Oh wow. This would require *a lot* of editing! – 2019-10-15 Speech to text using Pocketsphinx!

2019-10-15 Speech to text using Pocketsphinx!

Recently, I tried Whisper.

Whisper

It wasn’t as easy to install as I had hoped because my distribution came with an older version of numpy. This is how I installed a newer one:

pip3 install numpy==1.21.6

When I ran it, it was extremely slow. The results were pretty good! I used it to transcribe 2018-12-19 Episode 02. Most of the editing was due to how I speak, like enthusiastically beginning sentences with “and! and, …”

2018-12-19 Episode 02

Today I got a recommendation for nerd-dictation which I don’t need but which uses vosk-api.

nerd-dictation

vosk-api

Again, I had to force install a newer version of something:

pip3 install pip==22.3

When I ran it, I realised it is *much* faster than Whisper. Sadly, the quality is not very good. No capitalisation, no punctuation, and a lot of mistakes.

For comparison…

Pocketsphinx:

ffmpeg -i 03-halberds-and-helmets.mp3 -acodec pcm_s16le \
    -ac 1 -ar 16000 03-halberds-and-helmets.wav
pocketsphinx_continuous -infile 03-halberds-and-helmets.wav \
    -hmm /usr/share/pocketsphinx/model/en-us/en-us \
    -lm /usr/share/pocketsphinx/model/en-us/en-us.lm.bin \
    -dict /usr/share/pocketsphinx/model/en-us/cmudict-en-us.dict \
    > 03-halberds-and-helmets-pocketsphinx.txt
so does our legs and that is a third part of the office and out of pocket cost yea and for me to carry off race has cast the net means there is no free combining off your species and your jaw so there’s no more from magic users there’s just more so it is no fees else is just the elves and else can fight and cost spells so they’re always basically multi class fighters imagine use know how things are just a just coughing spare pair small vehicles and they fight like fighters and of course as more people and if i could find is that that bit of extra for this and that and they can to know that about stone works and they can sneak out in the wilderness and nice find simple to understand

This is so bad I wonder whether there is something about the parameters and dictionaries I could provide in order to improve this.

Vosk API:

vosk-transcriber -i 03-halberds-and-helmets.mp3 \
                 -o 03-halberds-and-helmets.txt
hello this is alex and dad does it does a third part of their hobbits and helmets podcast yea i’m firmly into camp of race as class that means there’s no free combining of your species and your job so there’s no and magic users does just dwarfs as no thief elves just just elves and else can fight and cast spells so they’re always basically multi class fighters and magic users the how flings or just a just half links dare dare small people and they fight like fighters and that was us more people and they fight like fighters the have little bit of extra of this and that and taken the know a bit about stone works and that can sneak bout in the wilderness and and that’s fine and simple to understand simple time to explain at the table and it works for me

Whisper:

whisper 03-halberds-and-helmets.mp3
Hello this is Alex and this is the third part of the Hobbits and Helmets podcast. Yay! I’m firmly in the camp of race as class and that means there is no free combining of your species and your job. So there’s no dwarven magic uses, there’s just dwarves, there’s no thief elves, there’s just elves and elves can fight and cast spells so they’re always basically multi-class fighters and magic users. The halflings are just halflings, they’re very small people and they fight like fighters and the dwarves are small people and they fight like fighters, they have a little bit of extra of this and that and they know a bit about stoneworks and they can sneak about in the wilderness and that’s fine and it’s simple to understand, simple to explain at the table and it works for me.

It just takes so loooong.

​#Podcast ​#Speech to Text

Comments

(Please contact me if you want to remove your comment.)

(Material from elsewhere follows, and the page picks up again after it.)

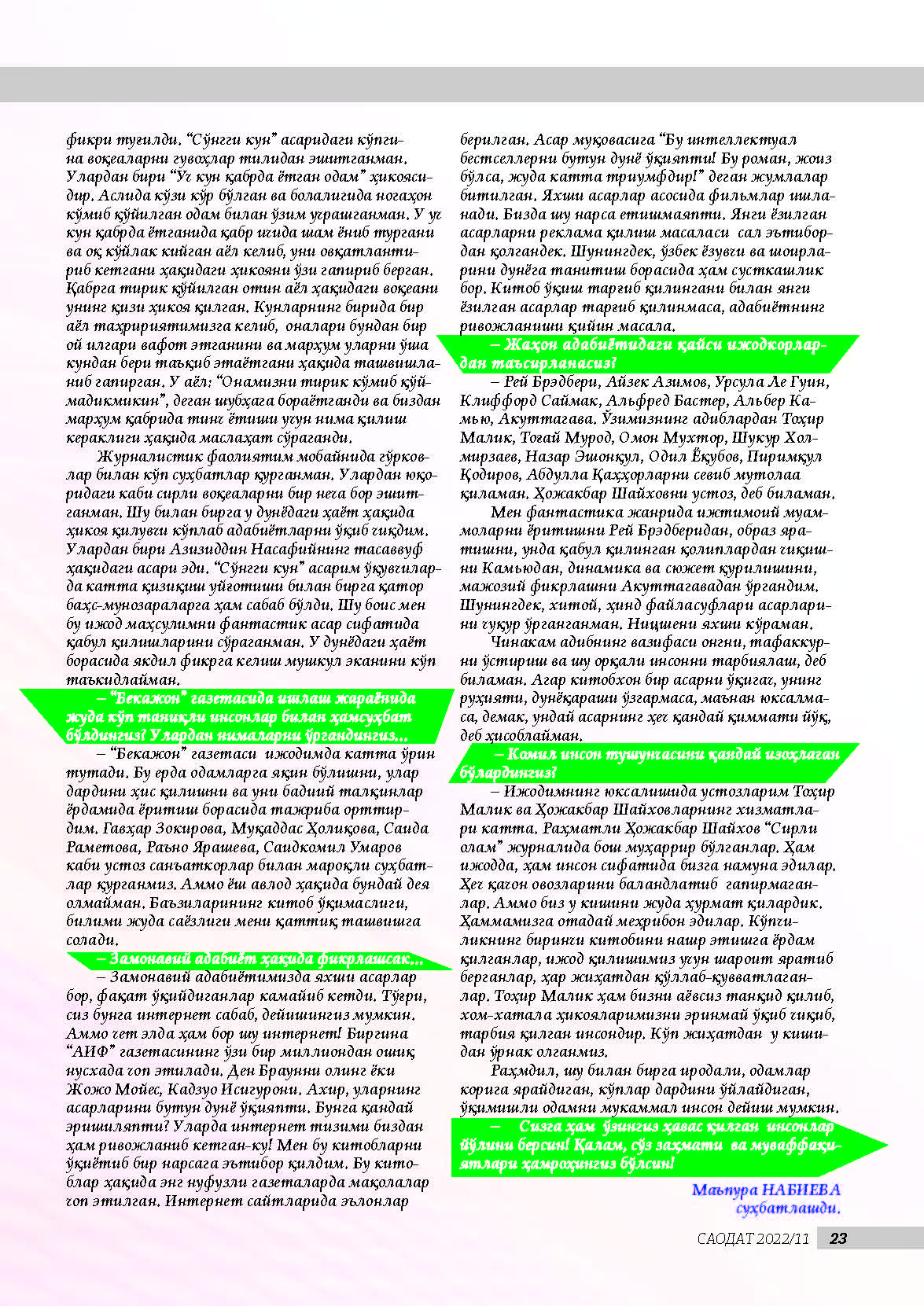 - “Бекажон” газетасида ишлаш жараёнида жуда кўп таниқли инсонлар билан ҳамсуҳбат бўлдингиз? Нималарнидир улардан ўргандингиз, қайси жиҳатларига тан бердингиз?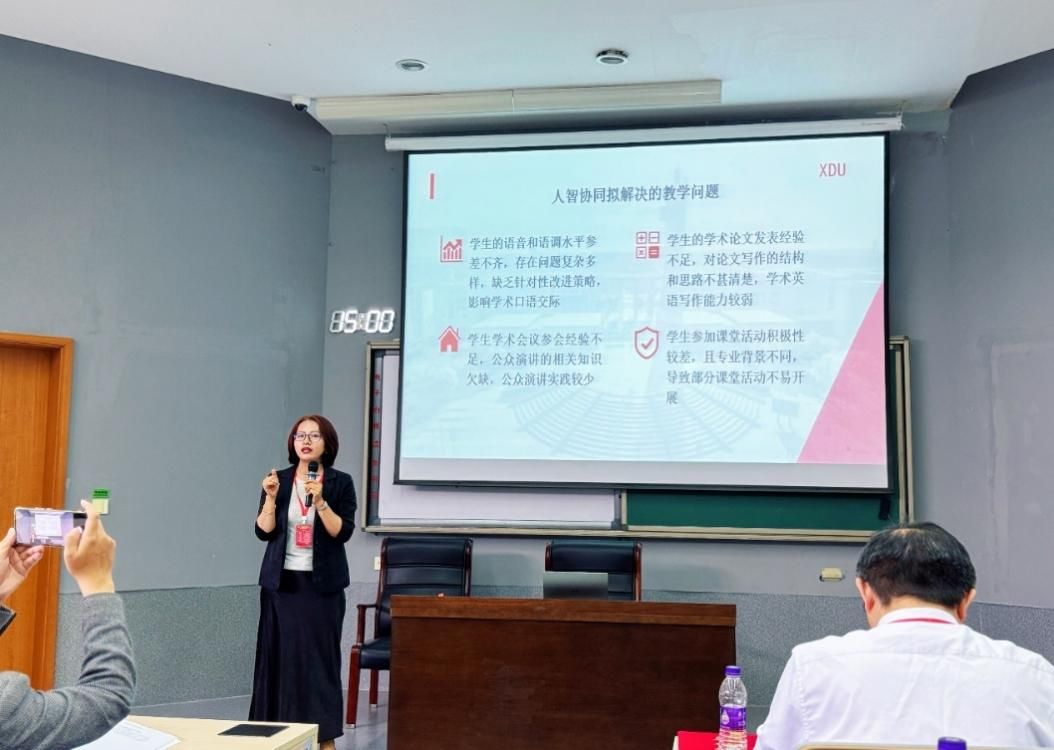 在分论坛环节,任利华做了题为“人智协同教学新范式:夯实思政育人根基,提升学术交流能力”的主题报告,系统介绍了我院面向博士生开设的“学术交流英语”课程建设经验。该课程通过“分级分模块”教学体系、“中外教协作+人智协同”创新模式,依托“西电智课”、“学堂在线”双平台构建多模态实践教学空间,实现规模化与个性化教学的有机平衡。课程实施三年来,已形成“教学研”一体化发展格局,并开发了特色教材、慕课及教学资源库,学生学术交流能力得到显著提升,育人成效获广泛认可。永利集团304将持续深化AI赋能的外语教学改革,推动具有校本特色的研究生英语课程体系建设。

I just checked, and they released a new Pocketsphinx 5.0.0 just a few days ago. Perhaps I should give it another go?

PocketSphinx 5.0.0 is released! – CMUSphinx

CMUSphinx

– Alex 2022-10-19 06:50 UTC

---

How slow is Whisper? On my laptop it took about 209min of user time, at about 140% CPU, or about 145min of elapsed time to encode 16min 30s of podcast, or nearly 9 min of transcription per minute of podcast.

– Alex 2022-10-19 09:41 UTC

---

@ajroach42 asked me about my hardware and said they were getting “transcriptions on 20 minutes of audio in 5-10 minutes.”

@ajroach42

I’m just using my regular laptop. Model name as reported by lscpu is “Intel(R) Core(TM) i7-6500U CPU @ 2.50GHz.”

Apparently it really benefits from a graphics processing unit (GPU).

– Alex 2022-10-19 13:59 UTC